Supplied data –
+ + + +

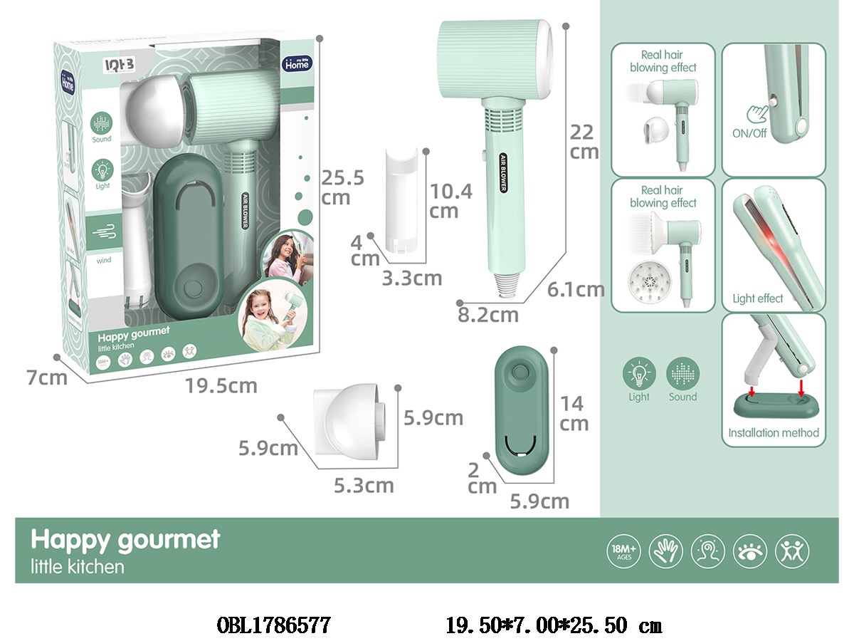 Hairdressing set electric hair dryer 3 * AAA, no electricity included
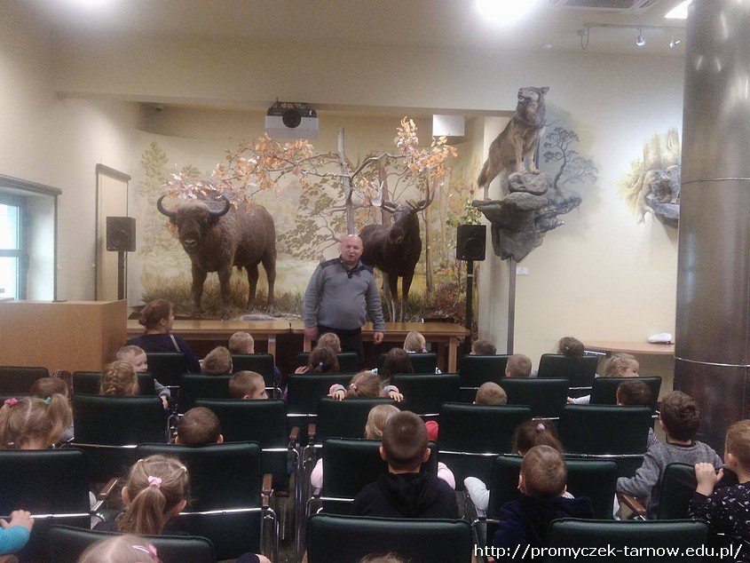 W muzeum dzieci zostały przywitane przez dwóch bardzo sympatycznych panów przewodników, którzy opowiadali niezwykłe historie na temat roślin i zwierząt żyjących na terenie Polski, a szczególnie w okolicach Tarnowa. Przedszkolaki mogły także zobaczyć zwierzęta w ich naturalnych rozmiarach np. borsuka, dzika, jelenia, żubra i niedźwiedzia., liczne ptaki i owady.
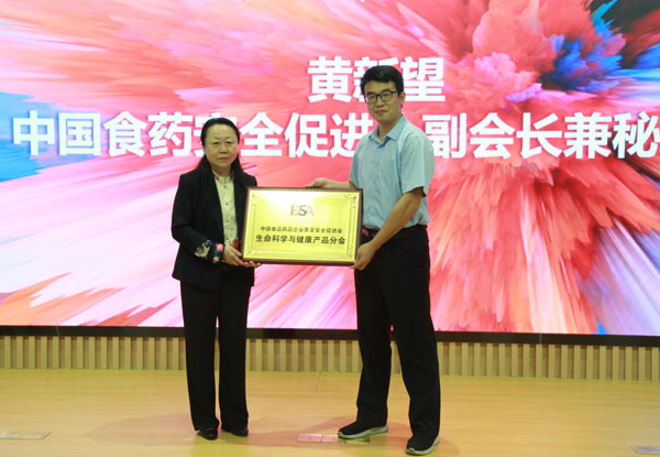 中国食药安全促进会副会长兼秘书长黄新望为分会负责人于维香女士授牌
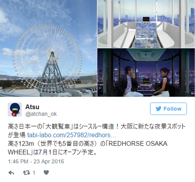 Поздравления: Вие сте достатъчно смели да се повозите на виенското колело Redhorse в Осака, което ще се извиси на цели 123 метра над земята. Атракцията ще бъде открита през юли, а подът на кабинките ще бъде прозрачен, съобщава списанието Travel+Leisure.
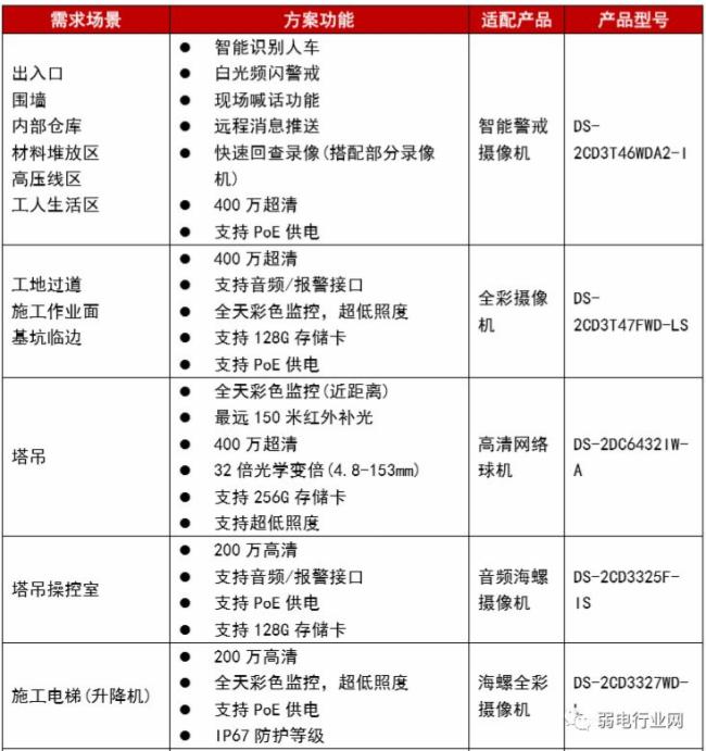 适用于不同施工阶段的建筑工地场景监控 。针对车辆/人员出入口、塔吊、围墙边界、施工区、办工区、工人生活区、材料存放区等重点安防区域监控而设计。
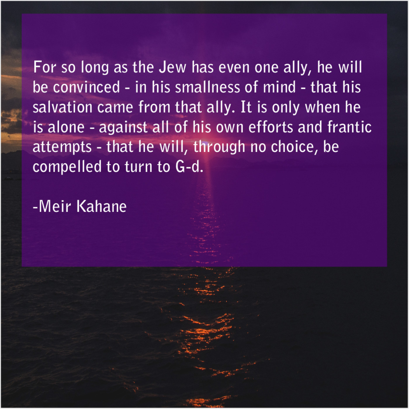 “For so long as the Jew has even one ally, he will be convinced – in his smallness of mind – that his salvation came from that ally. It is only when he is alone – against all of his own efforts and frantic attempts – that he will, through no choice, be compelled to turn to G-d.”
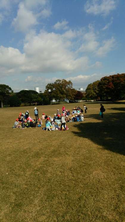 お弁当タイムです。ひなたで食べて、ちょうどいい加減です。
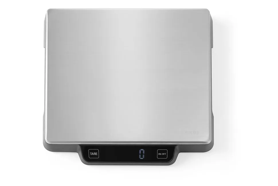 Balance de cuisine Balance de cuisine Peut peser jusqu’à 15.000 g avec une précision de 1g et avec un poids minimum 2g. Surface en inox sans soudure, structure faite en plastique HIP5 avec un écran numérique intégré. Le capteur de poids de haute précision permet une mesure précise. La lecture se fait en gramme. Ecran tactile : marche / arrêt et tare. Avec tare automatique, information de surcharge et batterie faible. Arrêt automatique, fonctionne avec 3 piles AAA (non comprises) l18- L0.1- P16.5- h3.1- ABS
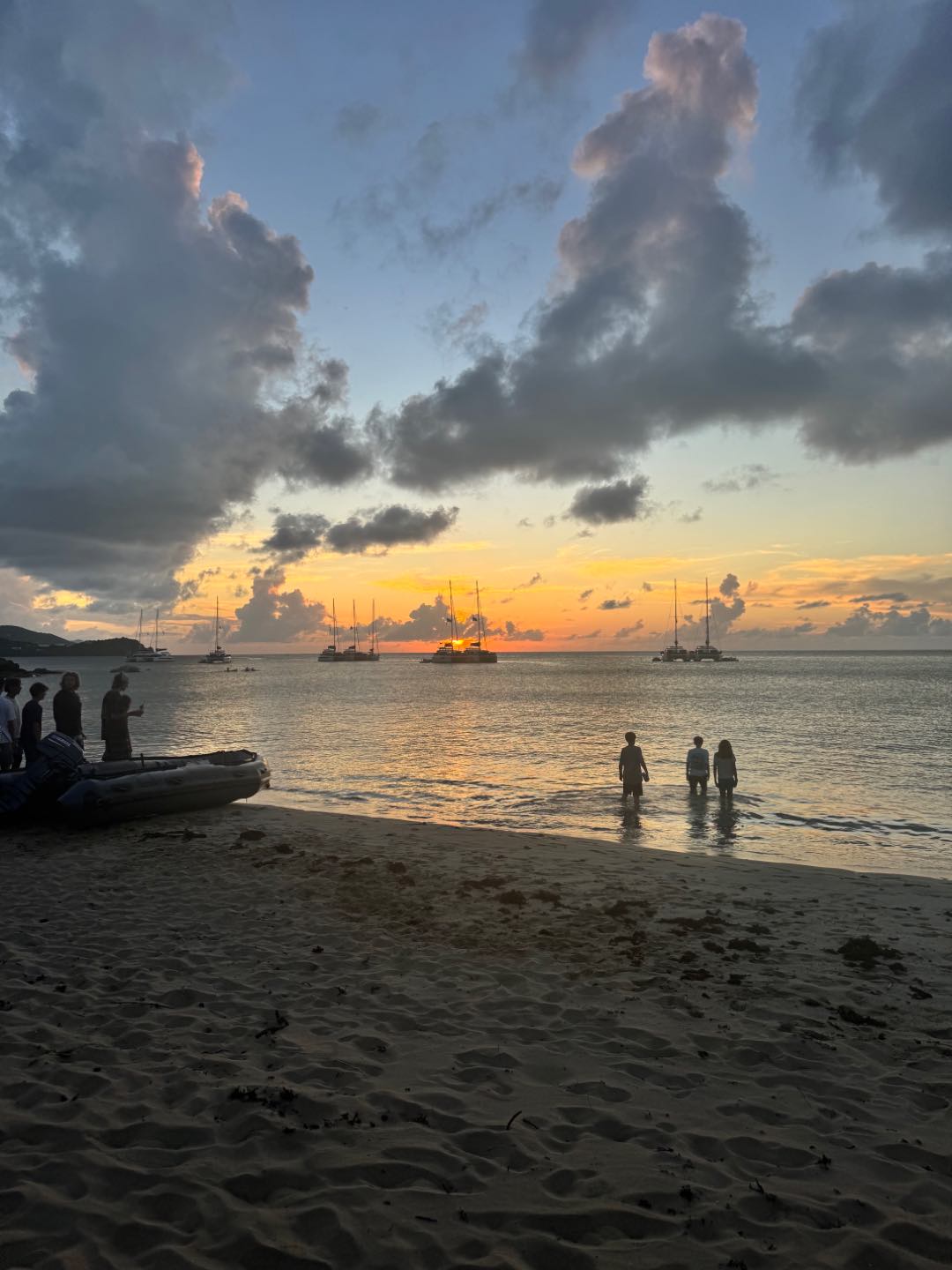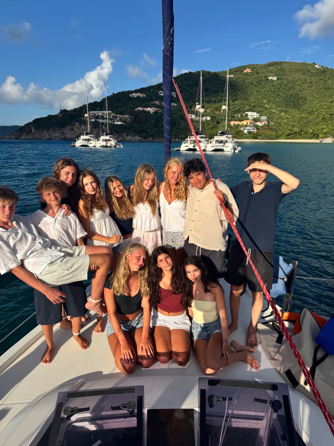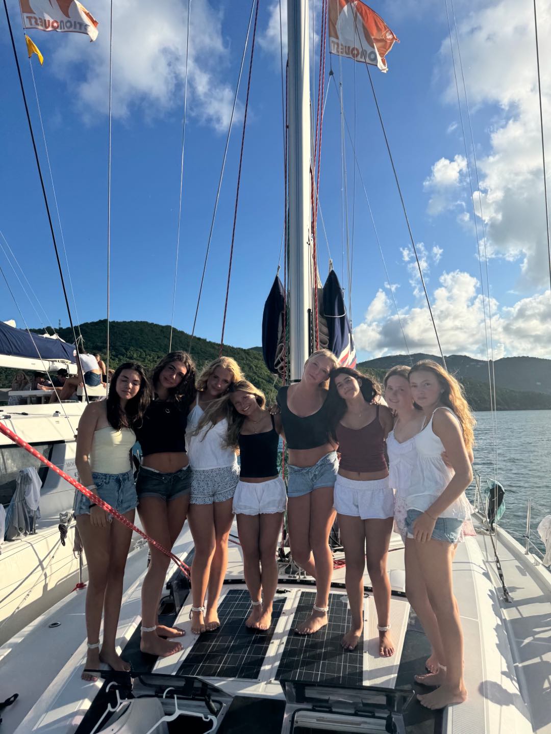 After the hike, we went back to our boat to use the boom swing and get some rest. We saw dolphins at the bay, and they were so cool. Aliya, Margo, Bea, and Lulu were tanning inside the dinghy beside the boat. After, we left the bay to go to the beach BBQ. We triple rafted with Second Wind and Vela Vita while getting ready. We went to the BBQ and it was so fun. While there, Max, Jorge, and Raiden were tackling our counselors into the water. We also saw dolphins again during the sunset. We got back and talked to the other boats until 10:30. Everyone was so tired and fell asleep fast on the bow of the boat. Bye guys!
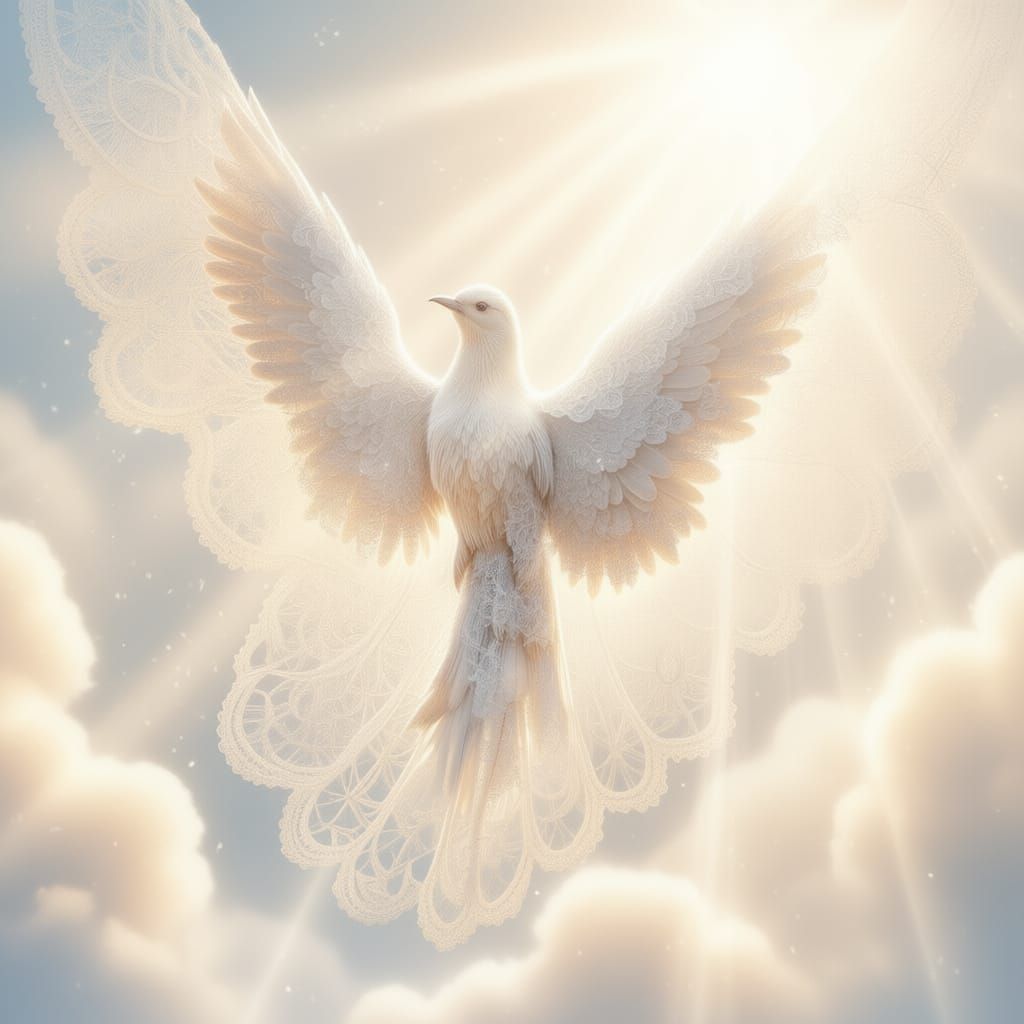 This image features stunning birds with delicate, intricate lace-like wings bathed in divine, soft-focus heavenly sunshine beams.
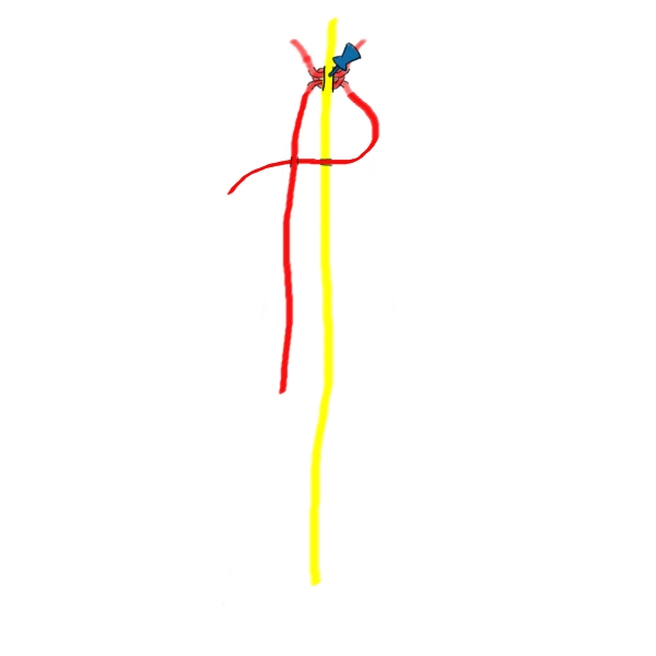 - Place the two handle strings under the core string and you can stick the pin through the core string into the middle of the knot.
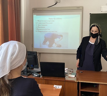 Педагог-психолог Бурсагова Т.Х. рассказала о том, что все чаще наблюдается жестокость во взаимоотношении детей и подростков; унижение и насмешки, которые становятся причиной психоэмоциональных нарушений у детей; о том, что для жертв травли характерна тревожность, повышенная чувствительность и заниженная самооценка.
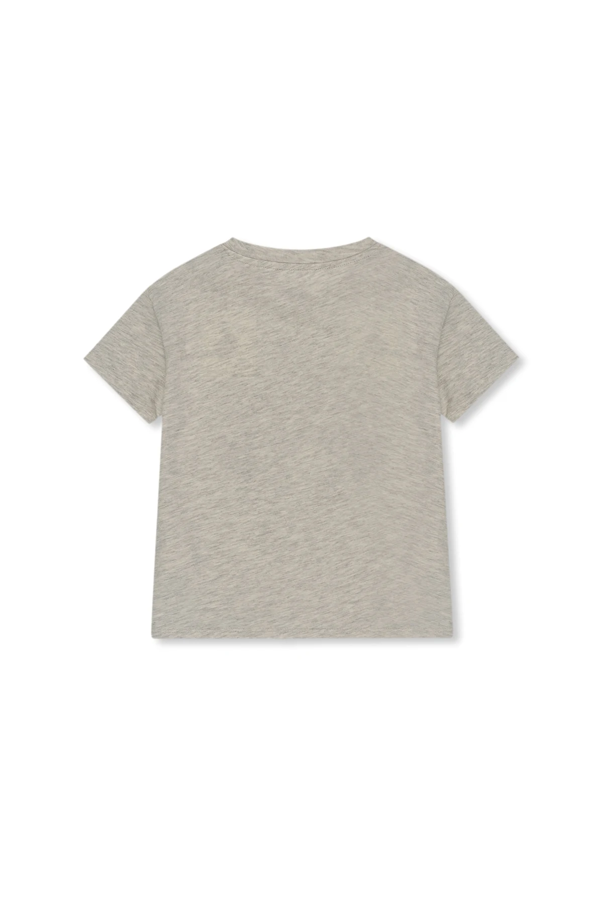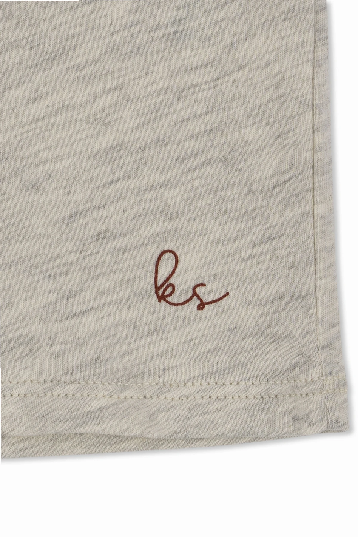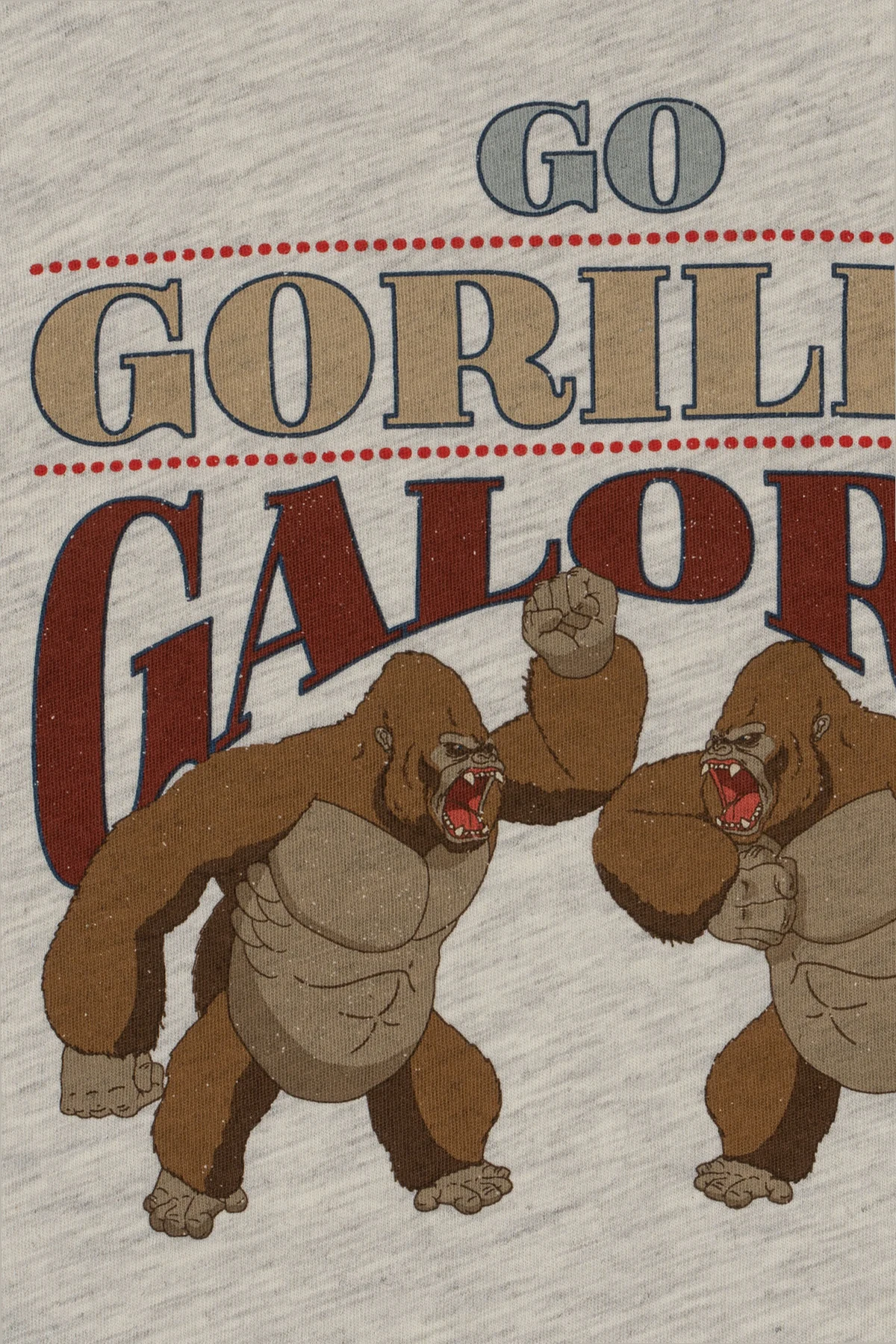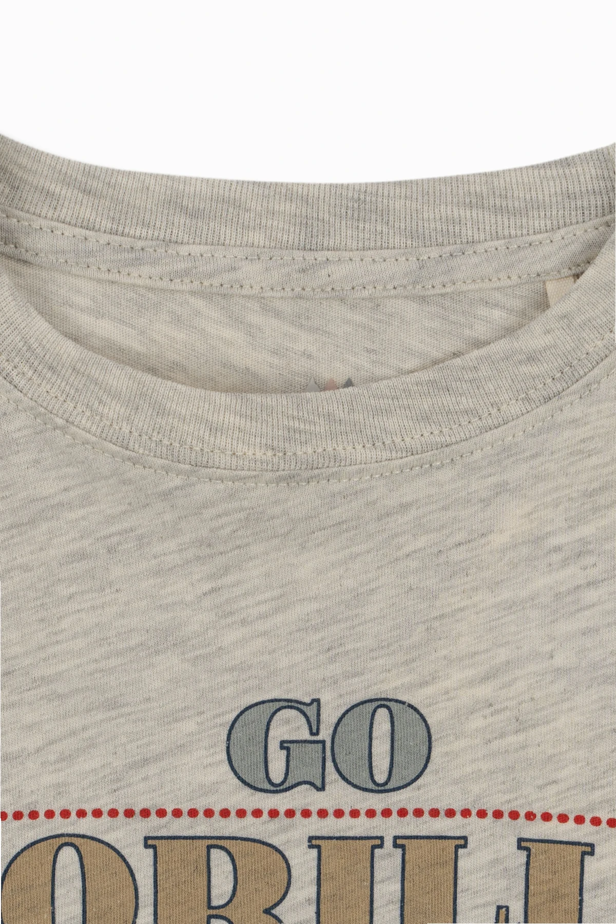 Wir präsentieren Ihnen ein exquisites Kleidungsstück – das T-Shirt mit ‘Famo’-Druck vom renommierten Designer Konges Sløjd . Sein subtiler, melierter Grauton bietet die perfekte Leinwand für den ausdrucksstarken Druck, der zwei Gorillafiguren zeigt, welche ein Manifest der Kraft und Wildheit darstellen. Der Aufdruck "GO GORILLA GALORE" in lebhaften Rot- und Blautönen verleiht dem Shirt Charakter und Einzigartigkeit.

+ + + +

Your instructions – Copy exactly, without pictures, the lines above from the one with "Поздравления: Вие сте" down to the one with "适用于不同施工阶段的建筑工地", inclusive.

Finished exercise –
 Поздравления: Вие сте достатъчно смели да се повозите на виенското колело Redhorse в Осака, което ще се извиси на цели 123 метра над земята. Атракцията ще бъде открита през юли, а подът на кабинките ще бъде прозрачен, съобщава списанието Travel+Leisure.
 适用于不同施工阶段的建筑工地场景监控 。针对车辆/人员出入口、塔吊、围墙边界、施工区、办工区、工人生活区、材料存放区等重点安防区域监控而设计。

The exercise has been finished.